From: Vivek Goyal <vgoyal@redhat.com>
To: Jeff Layton <jlayton@redhat.com>
Cc: Sargun Dhillon <sargun@sargun.me>,
Amir Goldstein <amir73il@gmail.com>,
overlayfs <linux-unionfs@vger.kernel.org>,
Miklos Szeredi <miklos@szeredi.hu>,
Alexander Viro <viro@zeniv.linux.org.uk>,
Giuseppe Scrivano <gscrivan@redhat.com>,
Daniel J Walsh <dwalsh@redhat.com>,
linux-fsdevel <linux-fsdevel@vger.kernel.org>,
David Howells <dhowells@redhat.com>
Subject: Re: [PATCH v2 2/4] overlay: Document current outstanding shortcoming of volatile
Date: Tue, 1 Dec 2020 10:24:04 -0500 [thread overview]
Message-ID: <20201201152404.GA86704@redhat.com> (raw)

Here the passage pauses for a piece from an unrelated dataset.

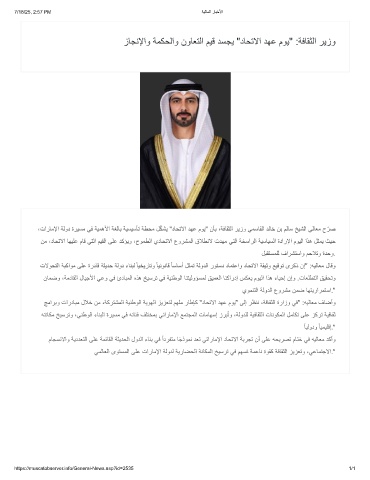 ،تارﺎﻣﻹا ﺔﻟود ةرﯾﺳﻣ ﻲﻓ ﺔﯾﻣھﻷا ﺔﻐﻟﺎﺑ ﺔﯾﺳﯾﺳﺄﺗ ﺔطﺣﻣ لّﻛﺷﯾ "دﺎﺣﺗﻻا دﮭﻋ موﯾ" نﺄﺑ ،ﺔﻓﺎﻘﺛﻟا رﯾزو ﻲﻣﺳﺎﻘﻟا دﻟﺎﺧ نﺑ مﻟﺎﺳ ﺦﯾﺷﻟا ﻲﻟﺎﻌﻣ ح ّ رﺻ

In-Reply-To: <0f831ca2a65b028c2682819228eb5560230a0e4d.camel@redhat.com>
On Tue, Dec 01, 2020 at 08:01:11AM -0500, Jeff Layton wrote:
> On Tue, 2020-12-01 at 11:09 +0000, Sargun Dhillon wrote:
> > On Sat, Nov 28, 2020 at 08:52:27AM +0000, Sargun Dhillon wrote:
> > > On Sat, Nov 28, 2020 at 09:12:03AM +0200, Amir Goldstein wrote:
> > > > On Sat, Nov 28, 2020 at 6:45 AM Sargun Dhillon <sargun@sargun.me> wrote:
> > > > >
> > > > > On Fri, Nov 27, 2020 at 09:01:07PM -0500, Jeff Layton wrote:
> > > > > > On Fri, 2020-11-27 at 22:11 +0000, Sargun Dhillon wrote:
> > > > > > > On Fri, Nov 27, 2020 at 02:52:52PM +0200, Amir Goldstein wrote:
> > > > > > > > On Fri, Nov 27, 2020 at 11:21 AM Sargun Dhillon <sargun@sargun.me> wrote:
> > > > > > > > >
> > > > > > > > > This documents behaviour that was discussed in a thread about the volatile
> > > > > > > > > feature. Specifically, how failures can go hidden from asynchronous writes
> > > > > > > > > (such as from mmap, or writes that are not immediately flushed to the
> > > > > > > > > filesystem). Although we pass through calls like msync, fallocate, and
> > > > > > > > > write, and will still return errors on those, it doesn't guarantee all
> > > > > > > > > kinds of errors will happen at those times, and thus may hide errors.
> > > > > > > > >
> > > > > > > > > In the future, we can add error checking to all interactions with the
> > > > > > > > > upperdir, and pass through errseq_t from the upperdir on mappings,
> > > > > > > > > and other interactions with the filesystem[1].
> > > > > > > > >
> > > > > > > > > [1]: https://lore.kernel.org/linux-unionfs/20201116045758.21774-1-sargun@sargun.me/T/#m7d501f375e031056efad626e471a1392dd3aad33
> > > > > > > > >
> > > > > > > > > Signed-off-by: Sargun Dhillon <sargun@sargun.me>
> > > > > > > > > Cc: linux-fsdevel@vger.kernel.org
> > > > > > > > > Cc: linux-unionfs@vger.kernel.org
> > > > > > > > > Cc: Miklos Szeredi <miklos@szeredi.hu>
> > > > > > > > > Cc: Amir Goldstein <amir73il@gmail.com>
> > > > > > > > > Cc: Vivek Goyal <vgoyal@redhat.com>
> > > > > > > > > ---
> > > > > > > > > Documentation/filesystems/overlayfs.rst | 6 +++++-
> > > > > > > > > 1 file changed, 5 insertions(+), 1 deletion(-)
> > > > > > > > >
> > > > > > > > > diff --git a/Documentation/filesystems/overlayfs.rst b/Documentation/filesystems/overlayfs.rst
> > > > > > > > > index 580ab9a0fe31..c6e30c1bc2f2 100644
> > > > > > > > > --- a/Documentation/filesystems/overlayfs.rst
> > > > > > > > > +++ b/Documentation/filesystems/overlayfs.rst
> > > > > > > > > @@ -570,7 +570,11 @@ Volatile mount
> > > > > > > > > This is enabled with the "volatile" mount option. Volatile mounts are not
> > > > > > > > > guaranteed to survive a crash. It is strongly recommended that volatile
> > > > > > > > > mounts are only used if data written to the overlay can be recreated
> > > > > > > > > -without significant effort.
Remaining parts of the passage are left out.